(Entries taken from a collection)
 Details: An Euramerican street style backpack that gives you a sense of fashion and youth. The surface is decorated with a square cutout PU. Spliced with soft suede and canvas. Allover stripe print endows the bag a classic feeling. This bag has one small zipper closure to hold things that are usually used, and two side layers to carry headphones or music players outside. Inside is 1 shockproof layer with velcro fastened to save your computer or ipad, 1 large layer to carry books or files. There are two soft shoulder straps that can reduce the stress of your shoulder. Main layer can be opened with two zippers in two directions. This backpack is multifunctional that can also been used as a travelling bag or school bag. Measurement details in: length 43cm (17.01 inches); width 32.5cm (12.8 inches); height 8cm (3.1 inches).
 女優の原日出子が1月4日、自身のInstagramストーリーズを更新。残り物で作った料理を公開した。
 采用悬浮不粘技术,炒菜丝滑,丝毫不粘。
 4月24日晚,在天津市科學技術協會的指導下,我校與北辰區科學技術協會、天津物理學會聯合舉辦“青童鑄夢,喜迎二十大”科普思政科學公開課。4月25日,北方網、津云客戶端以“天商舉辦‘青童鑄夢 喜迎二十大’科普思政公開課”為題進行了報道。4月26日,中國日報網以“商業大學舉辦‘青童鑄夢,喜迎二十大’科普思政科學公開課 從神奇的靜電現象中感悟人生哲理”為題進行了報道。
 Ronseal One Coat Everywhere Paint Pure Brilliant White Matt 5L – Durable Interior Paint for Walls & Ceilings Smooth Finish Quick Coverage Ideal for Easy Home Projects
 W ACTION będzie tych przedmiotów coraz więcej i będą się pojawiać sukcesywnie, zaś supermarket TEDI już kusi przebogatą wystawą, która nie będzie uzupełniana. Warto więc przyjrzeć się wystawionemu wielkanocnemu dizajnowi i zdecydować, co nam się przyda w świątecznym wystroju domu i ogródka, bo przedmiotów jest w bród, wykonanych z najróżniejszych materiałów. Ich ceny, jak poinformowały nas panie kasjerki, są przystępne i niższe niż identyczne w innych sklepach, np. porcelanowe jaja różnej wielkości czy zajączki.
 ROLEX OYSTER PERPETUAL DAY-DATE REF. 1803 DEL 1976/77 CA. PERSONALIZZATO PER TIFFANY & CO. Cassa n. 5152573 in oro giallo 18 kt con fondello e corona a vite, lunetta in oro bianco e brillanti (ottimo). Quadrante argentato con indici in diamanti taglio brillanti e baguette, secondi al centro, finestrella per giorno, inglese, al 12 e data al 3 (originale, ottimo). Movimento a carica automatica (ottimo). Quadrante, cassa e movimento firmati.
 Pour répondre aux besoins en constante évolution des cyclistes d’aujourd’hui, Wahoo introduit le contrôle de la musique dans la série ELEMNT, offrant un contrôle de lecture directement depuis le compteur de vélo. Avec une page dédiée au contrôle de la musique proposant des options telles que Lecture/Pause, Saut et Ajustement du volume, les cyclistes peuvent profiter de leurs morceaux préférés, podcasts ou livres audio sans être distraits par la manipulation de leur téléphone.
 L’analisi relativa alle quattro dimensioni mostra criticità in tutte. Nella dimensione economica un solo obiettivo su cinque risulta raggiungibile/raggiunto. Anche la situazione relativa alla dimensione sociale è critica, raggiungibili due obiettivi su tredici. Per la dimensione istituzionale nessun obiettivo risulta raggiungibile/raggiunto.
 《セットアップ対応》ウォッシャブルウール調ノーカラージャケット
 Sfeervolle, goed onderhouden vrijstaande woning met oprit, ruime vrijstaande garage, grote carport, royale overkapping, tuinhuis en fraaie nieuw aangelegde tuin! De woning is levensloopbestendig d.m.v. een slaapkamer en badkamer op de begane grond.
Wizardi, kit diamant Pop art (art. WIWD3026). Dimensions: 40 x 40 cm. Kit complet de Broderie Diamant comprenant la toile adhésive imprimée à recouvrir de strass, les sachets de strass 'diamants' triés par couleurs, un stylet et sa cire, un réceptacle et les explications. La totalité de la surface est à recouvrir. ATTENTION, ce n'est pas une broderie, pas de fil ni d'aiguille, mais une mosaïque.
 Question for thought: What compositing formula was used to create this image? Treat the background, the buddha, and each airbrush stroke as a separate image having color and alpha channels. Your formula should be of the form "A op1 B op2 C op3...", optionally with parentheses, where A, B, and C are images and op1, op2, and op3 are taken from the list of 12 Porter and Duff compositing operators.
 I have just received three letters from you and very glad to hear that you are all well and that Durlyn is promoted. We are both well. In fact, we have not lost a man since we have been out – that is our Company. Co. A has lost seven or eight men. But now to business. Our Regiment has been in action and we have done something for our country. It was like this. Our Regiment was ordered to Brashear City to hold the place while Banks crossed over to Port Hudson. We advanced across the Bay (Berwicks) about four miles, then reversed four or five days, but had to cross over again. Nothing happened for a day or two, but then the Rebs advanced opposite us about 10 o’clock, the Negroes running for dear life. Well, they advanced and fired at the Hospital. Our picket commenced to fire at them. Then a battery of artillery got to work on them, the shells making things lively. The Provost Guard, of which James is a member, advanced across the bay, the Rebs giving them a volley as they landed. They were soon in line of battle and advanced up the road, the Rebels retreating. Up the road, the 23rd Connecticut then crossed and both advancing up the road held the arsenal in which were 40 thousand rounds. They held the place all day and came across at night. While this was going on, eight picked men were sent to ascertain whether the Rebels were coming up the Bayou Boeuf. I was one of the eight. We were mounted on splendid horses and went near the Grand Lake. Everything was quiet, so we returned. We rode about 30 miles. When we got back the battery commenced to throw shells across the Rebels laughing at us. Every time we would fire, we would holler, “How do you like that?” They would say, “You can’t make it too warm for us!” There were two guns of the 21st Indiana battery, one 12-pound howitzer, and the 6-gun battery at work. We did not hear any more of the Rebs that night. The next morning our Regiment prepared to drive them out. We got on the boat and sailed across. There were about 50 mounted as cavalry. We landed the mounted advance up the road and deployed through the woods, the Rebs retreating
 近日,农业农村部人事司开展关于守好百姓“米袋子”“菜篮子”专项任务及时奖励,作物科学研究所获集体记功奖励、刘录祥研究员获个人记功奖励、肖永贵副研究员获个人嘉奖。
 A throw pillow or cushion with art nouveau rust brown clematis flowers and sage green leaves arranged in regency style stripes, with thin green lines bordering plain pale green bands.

- Task instructions: The expected answer is an exact copy of the lines above, beginning at the line with "L’analisi relativa alle" and ending at the line with "Sfeervolle, goed onderhouden", with both ends in.

- Exercise response:
 L’analisi relativa alle quattro dimensioni mostra criticità in tutte. Nella dimensione economica un solo obiettivo su cinque risulta raggiungibile/raggiunto. Anche la situazione relativa alla dimensione sociale è critica, raggiungibili due obiettivi su tredici. Per la dimensione istituzionale nessun obiettivo risulta raggiungibile/raggiunto.
 《セットアップ対応》ウォッシャブルウール調ノーカラージャケット
 Sfeervolle, goed onderhouden vrijstaande woning met oprit, ruime vrijstaande garage, grote carport, royale overkapping, tuinhuis en fraaie nieuw aangelegde tuin! De woning is levensloopbestendig d.m.v. een slaapkamer en badkamer op de begane grond.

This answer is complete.